Josh Hodge
- Born: Joshua Ashley Hodge 23 May 2000 (age 25) Lancaster, England
- Height: 1.89 m (6 ft 2 in)
- Weight: 85 kg (187 lb; 13 st 5 lb)
- School: Sedbergh School

Rugby union career
- Position(s): Full-back, Wing
- Current team: Exeter Chiefs

Senior career
- Years: Team / Apps / (Points)
- 2018–2020: Newcastle Falcons / 1 / (5)
- 2020–2026: Exeter Chiefs / 77 / (273)
- 2026–: Newcastle Red Bulls / 1 / (0)
- Correct as of 31 January 2022

International career
- Years: Team / Apps / (Points)
- 2018: England U18 / 5 / (27)
- 2019: England U19 / 1 / (16)
- 2019–2020: England U20 / 11 / (90)
- 2024–: England A / 1 / (11)
- Correct as of 11 March 2024

= Josh Hodge =

English rugby union player

Josh Hodge (born 23 May 2000) is an English professional rugby union player who plays as a full-back or wing for Premiership Rugby club Newcastle Red Bulls.

==Biography==
Hodge was raised in South Cumbria where he represented Sedbergh School in the starting XV to win the 2017 Daily Mail Trophy and was Player of the Tournament in the Sedbergh Super 10s competition. He played for the England U18 team during their Six Nations Festival as well as the Falcons' junior academy and was promoted to Newcastle Falcons senior academy squad in the summer of 2018. Hodge made his debut for Newcastle during the 2019–20 RFU Championship, scoring a try against Yorkshire Carnegie to remain leaders in the league.

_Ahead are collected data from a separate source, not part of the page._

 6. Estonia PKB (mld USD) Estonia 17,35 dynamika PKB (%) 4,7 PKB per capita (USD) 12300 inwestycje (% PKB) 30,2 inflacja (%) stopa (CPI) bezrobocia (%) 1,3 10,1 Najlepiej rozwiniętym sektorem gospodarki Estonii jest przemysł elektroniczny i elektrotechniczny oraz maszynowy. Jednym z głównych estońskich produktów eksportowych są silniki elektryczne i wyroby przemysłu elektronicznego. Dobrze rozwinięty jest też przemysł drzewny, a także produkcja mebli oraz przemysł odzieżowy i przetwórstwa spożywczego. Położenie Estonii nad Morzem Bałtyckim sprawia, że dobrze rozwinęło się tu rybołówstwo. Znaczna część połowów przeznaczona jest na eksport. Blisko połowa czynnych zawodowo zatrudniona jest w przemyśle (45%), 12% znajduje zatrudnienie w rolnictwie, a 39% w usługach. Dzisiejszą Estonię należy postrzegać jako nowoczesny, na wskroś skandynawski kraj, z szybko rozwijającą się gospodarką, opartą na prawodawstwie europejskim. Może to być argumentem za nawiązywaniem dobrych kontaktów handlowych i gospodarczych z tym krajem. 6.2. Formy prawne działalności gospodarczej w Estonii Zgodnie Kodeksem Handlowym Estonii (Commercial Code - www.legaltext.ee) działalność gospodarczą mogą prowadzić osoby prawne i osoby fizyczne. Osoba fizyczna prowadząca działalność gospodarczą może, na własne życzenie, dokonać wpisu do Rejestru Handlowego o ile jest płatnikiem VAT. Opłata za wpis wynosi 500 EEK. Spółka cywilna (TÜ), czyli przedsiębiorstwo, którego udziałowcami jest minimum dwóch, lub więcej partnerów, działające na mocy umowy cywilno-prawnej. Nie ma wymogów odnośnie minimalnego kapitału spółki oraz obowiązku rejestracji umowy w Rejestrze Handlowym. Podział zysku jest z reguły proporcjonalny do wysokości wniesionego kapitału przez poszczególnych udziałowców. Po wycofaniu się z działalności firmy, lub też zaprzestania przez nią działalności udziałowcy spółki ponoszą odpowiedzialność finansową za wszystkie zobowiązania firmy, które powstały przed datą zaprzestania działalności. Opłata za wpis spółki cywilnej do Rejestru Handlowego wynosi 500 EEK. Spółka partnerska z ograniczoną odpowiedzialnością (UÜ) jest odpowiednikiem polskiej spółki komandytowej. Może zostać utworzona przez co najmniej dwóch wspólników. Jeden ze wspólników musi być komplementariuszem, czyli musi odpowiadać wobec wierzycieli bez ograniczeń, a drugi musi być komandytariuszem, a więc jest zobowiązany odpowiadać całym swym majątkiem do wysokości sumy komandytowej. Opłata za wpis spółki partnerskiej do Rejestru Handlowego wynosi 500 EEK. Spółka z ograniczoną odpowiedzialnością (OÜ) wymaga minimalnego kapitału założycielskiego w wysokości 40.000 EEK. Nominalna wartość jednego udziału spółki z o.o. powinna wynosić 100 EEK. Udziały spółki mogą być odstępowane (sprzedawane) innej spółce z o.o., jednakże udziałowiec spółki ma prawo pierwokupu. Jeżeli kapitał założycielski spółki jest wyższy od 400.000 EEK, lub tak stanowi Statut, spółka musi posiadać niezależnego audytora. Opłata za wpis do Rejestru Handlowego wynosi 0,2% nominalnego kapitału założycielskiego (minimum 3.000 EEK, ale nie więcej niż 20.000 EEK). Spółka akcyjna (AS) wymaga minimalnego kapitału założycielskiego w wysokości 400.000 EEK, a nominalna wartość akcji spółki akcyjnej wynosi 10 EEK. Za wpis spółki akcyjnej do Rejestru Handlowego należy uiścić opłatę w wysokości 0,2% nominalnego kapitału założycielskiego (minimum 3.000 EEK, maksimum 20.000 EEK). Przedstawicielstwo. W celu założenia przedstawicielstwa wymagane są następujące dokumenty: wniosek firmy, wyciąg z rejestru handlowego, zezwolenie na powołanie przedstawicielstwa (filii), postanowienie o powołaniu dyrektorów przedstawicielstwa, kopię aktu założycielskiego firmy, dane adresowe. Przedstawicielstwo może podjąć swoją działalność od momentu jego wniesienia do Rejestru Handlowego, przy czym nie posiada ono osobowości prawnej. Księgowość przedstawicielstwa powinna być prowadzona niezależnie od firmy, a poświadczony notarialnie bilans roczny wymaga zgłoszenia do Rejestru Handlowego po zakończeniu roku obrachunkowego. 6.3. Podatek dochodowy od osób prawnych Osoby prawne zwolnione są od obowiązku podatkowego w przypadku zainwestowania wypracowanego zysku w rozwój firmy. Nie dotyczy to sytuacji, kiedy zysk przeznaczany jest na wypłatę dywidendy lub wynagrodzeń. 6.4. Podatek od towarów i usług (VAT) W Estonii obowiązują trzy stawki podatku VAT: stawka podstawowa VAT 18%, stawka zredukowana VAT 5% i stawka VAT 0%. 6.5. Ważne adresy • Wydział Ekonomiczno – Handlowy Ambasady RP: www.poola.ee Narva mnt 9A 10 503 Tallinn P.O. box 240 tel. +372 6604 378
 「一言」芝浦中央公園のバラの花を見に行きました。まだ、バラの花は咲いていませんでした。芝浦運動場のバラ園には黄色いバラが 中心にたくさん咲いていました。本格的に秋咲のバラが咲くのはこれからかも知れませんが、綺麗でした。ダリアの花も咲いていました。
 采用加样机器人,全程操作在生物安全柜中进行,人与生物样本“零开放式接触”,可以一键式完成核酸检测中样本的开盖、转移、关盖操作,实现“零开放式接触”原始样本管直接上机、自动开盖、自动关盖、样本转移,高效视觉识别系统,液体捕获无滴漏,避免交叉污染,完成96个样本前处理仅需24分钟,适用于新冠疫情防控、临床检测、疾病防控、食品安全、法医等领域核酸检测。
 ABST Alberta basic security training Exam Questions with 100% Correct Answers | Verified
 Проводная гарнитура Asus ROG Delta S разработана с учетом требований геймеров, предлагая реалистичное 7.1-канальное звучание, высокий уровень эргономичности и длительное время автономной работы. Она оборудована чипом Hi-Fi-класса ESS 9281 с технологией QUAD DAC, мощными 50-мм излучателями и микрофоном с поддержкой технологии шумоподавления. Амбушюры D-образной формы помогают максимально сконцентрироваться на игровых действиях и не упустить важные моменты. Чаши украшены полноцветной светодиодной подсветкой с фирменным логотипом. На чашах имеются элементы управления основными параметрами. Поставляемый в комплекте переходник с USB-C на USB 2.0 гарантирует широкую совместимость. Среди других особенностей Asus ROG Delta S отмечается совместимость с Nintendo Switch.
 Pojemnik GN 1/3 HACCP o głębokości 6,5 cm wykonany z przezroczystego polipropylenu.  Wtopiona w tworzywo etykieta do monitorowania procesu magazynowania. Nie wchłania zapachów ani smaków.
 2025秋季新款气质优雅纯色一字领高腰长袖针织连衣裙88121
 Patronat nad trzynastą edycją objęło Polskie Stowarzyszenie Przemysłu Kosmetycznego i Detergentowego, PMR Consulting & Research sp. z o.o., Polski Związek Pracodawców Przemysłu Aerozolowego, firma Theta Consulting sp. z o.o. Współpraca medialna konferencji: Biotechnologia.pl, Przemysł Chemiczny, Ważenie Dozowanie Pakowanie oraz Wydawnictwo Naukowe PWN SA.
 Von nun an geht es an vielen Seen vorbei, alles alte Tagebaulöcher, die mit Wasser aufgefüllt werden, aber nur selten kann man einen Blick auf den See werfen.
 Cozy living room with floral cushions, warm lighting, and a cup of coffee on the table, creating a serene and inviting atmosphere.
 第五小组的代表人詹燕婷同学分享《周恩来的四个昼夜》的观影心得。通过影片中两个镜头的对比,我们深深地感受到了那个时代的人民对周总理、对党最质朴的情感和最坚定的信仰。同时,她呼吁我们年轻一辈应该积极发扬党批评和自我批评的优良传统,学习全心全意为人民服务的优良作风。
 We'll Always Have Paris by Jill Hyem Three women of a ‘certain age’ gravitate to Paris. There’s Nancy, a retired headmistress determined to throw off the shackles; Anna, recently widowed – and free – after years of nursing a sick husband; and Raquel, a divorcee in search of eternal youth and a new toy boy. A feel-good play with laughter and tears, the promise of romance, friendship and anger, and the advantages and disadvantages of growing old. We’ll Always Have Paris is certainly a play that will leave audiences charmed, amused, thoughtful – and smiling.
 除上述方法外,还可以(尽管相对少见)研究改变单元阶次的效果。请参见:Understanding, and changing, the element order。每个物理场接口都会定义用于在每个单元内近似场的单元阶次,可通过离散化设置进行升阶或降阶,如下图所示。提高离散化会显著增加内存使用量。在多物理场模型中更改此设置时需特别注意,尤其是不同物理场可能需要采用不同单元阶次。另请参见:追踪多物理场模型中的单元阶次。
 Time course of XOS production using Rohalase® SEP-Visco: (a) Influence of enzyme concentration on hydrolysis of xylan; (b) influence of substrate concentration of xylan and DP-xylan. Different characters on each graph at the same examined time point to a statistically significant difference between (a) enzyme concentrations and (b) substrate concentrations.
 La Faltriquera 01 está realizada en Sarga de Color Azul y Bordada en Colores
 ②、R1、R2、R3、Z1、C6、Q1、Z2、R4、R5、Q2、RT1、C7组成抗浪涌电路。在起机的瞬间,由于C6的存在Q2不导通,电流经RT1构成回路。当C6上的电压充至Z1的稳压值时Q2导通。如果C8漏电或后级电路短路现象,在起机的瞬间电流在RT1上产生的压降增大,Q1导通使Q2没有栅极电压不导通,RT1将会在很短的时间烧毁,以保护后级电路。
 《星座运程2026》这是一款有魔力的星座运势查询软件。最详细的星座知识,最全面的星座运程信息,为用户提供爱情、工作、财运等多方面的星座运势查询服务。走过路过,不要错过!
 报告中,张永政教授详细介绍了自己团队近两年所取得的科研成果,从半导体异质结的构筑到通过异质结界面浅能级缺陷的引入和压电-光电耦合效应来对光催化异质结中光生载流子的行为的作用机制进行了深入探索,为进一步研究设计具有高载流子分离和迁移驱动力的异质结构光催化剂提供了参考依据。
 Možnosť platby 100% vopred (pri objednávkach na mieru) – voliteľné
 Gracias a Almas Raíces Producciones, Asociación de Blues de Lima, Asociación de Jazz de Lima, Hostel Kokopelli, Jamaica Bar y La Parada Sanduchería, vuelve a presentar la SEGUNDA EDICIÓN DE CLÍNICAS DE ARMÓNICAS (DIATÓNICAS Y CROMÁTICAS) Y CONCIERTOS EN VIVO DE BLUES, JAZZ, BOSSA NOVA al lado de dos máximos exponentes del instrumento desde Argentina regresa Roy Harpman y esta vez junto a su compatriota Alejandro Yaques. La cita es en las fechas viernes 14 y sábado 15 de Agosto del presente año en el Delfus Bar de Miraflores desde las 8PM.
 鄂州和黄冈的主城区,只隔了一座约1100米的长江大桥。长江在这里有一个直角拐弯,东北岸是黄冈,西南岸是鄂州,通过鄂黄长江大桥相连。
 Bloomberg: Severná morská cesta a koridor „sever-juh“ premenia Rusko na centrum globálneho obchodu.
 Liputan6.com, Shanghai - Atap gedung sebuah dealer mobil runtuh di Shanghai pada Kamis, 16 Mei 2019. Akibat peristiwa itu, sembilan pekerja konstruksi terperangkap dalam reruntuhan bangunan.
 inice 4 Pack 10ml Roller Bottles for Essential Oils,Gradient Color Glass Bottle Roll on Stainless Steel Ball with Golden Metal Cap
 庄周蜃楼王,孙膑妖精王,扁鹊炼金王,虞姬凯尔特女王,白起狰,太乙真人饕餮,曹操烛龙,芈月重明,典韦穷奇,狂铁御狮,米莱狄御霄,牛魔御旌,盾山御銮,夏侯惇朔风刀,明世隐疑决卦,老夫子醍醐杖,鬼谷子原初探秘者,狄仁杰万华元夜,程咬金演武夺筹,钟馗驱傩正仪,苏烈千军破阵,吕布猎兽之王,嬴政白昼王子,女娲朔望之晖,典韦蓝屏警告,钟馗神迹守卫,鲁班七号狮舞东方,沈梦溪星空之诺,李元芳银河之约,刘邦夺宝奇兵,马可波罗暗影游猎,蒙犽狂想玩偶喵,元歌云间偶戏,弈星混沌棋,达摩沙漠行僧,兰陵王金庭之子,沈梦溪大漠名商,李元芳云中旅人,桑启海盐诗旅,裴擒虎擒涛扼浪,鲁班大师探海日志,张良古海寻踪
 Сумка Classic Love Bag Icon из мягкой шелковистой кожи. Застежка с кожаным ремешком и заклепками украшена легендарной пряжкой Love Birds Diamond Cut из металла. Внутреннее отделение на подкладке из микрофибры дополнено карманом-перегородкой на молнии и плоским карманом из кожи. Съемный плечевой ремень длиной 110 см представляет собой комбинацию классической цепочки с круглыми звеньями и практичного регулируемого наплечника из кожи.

Hodge scored sixteen points on his only appearance for the England Under-19 team in their away win over Wales, and also scored a try on his debut for the England U20 side in the opening round of the 2019 Six Nations Under 20s Championship defeat against Ireland. Later that year, Hodge was the top points scorer at the 2019 World Rugby Under 20 Championship, kicking 24 goals from 24 and scoring two tries. He also played in the 2020 Six Nations Under 20s Championship.

On 18 June 2020, Hodge left Newcastle to sign for Exeter Chiefs on an undisclosed length deal from the 2020–21 season. He received his first call-up to train with the England senior squad as an 'apprentice' player during the 2020 Six Nations Championship under coach Eddie Jones. In February 2024, Hodge scored eleven points, including a try for England A in a victory over Portugal.

On 29 December 2025, Hodge agreed a return to his old club Newcastle Red Bulls on a three-year contract from the 2026-27 season. In April 2026, Hodge immediately left Exeter Chiefs to join Newcastle Red Bulls earlier than planned.